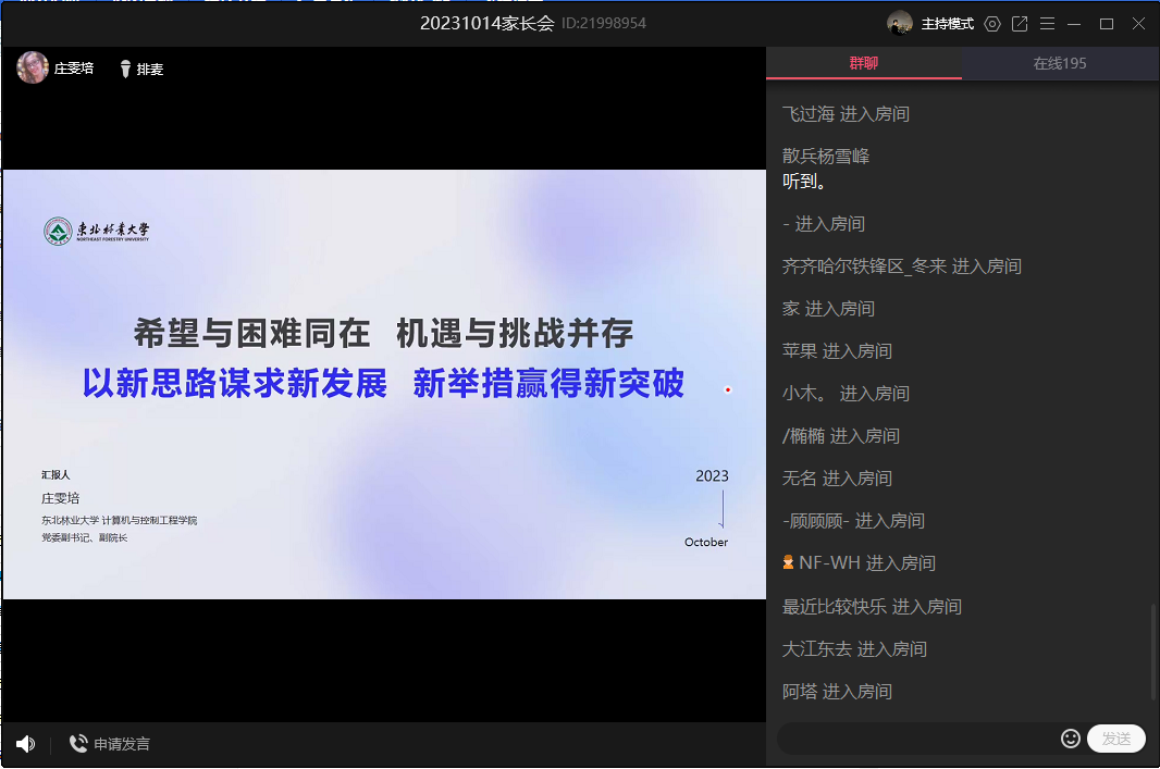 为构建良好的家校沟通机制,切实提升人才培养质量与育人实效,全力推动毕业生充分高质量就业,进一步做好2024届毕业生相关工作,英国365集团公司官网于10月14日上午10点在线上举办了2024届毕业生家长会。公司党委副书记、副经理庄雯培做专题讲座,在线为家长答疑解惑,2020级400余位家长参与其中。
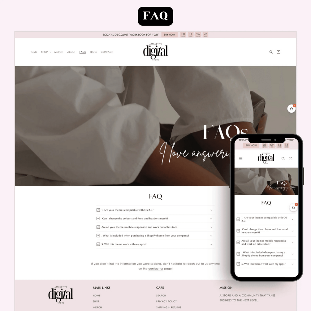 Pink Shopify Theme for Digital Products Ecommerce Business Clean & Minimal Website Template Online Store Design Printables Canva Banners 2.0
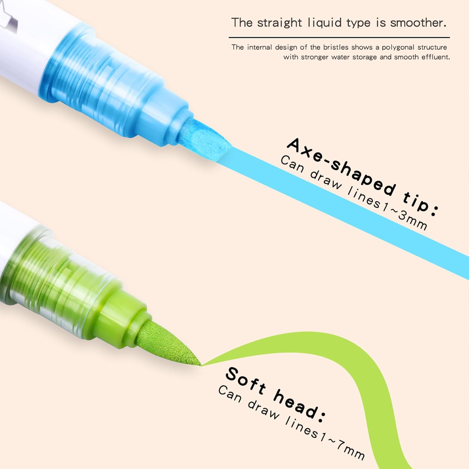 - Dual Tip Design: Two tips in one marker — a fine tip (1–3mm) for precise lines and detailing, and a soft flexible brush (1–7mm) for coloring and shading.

* * *

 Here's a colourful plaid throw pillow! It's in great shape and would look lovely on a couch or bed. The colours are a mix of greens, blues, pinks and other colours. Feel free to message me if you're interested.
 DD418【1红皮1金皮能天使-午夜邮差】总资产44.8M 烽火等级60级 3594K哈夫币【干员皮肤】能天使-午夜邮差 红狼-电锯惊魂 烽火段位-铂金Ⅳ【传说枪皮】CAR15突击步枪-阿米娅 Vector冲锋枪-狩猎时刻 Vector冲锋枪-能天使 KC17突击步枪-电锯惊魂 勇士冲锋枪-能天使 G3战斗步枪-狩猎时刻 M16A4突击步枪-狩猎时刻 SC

--

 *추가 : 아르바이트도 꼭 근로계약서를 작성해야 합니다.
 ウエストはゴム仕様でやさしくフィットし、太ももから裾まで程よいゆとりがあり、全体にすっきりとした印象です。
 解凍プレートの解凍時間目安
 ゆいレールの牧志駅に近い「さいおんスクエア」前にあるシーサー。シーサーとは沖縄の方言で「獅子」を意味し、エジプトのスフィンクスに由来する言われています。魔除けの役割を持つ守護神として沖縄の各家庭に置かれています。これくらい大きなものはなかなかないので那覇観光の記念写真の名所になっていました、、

■ WHAT IS NEEDED
Starting with the line above that holds "Pink Shopify Theme", restate each line word for word up to and including the line that holds "- Dual Tip Design: Two". Drop the pictures.

■ FINISHED EXERCISE
 Pink Shopify Theme for Digital Products Ecommerce Business Clean & Minimal Website Template Online Store Design Printables Canva Banners 2.0
 - Dual Tip Design: Two tips in one marker — a fine tip (1–3mm) for precise lines and detailing, and a soft flexible brush (1–7mm) for coloring and shading.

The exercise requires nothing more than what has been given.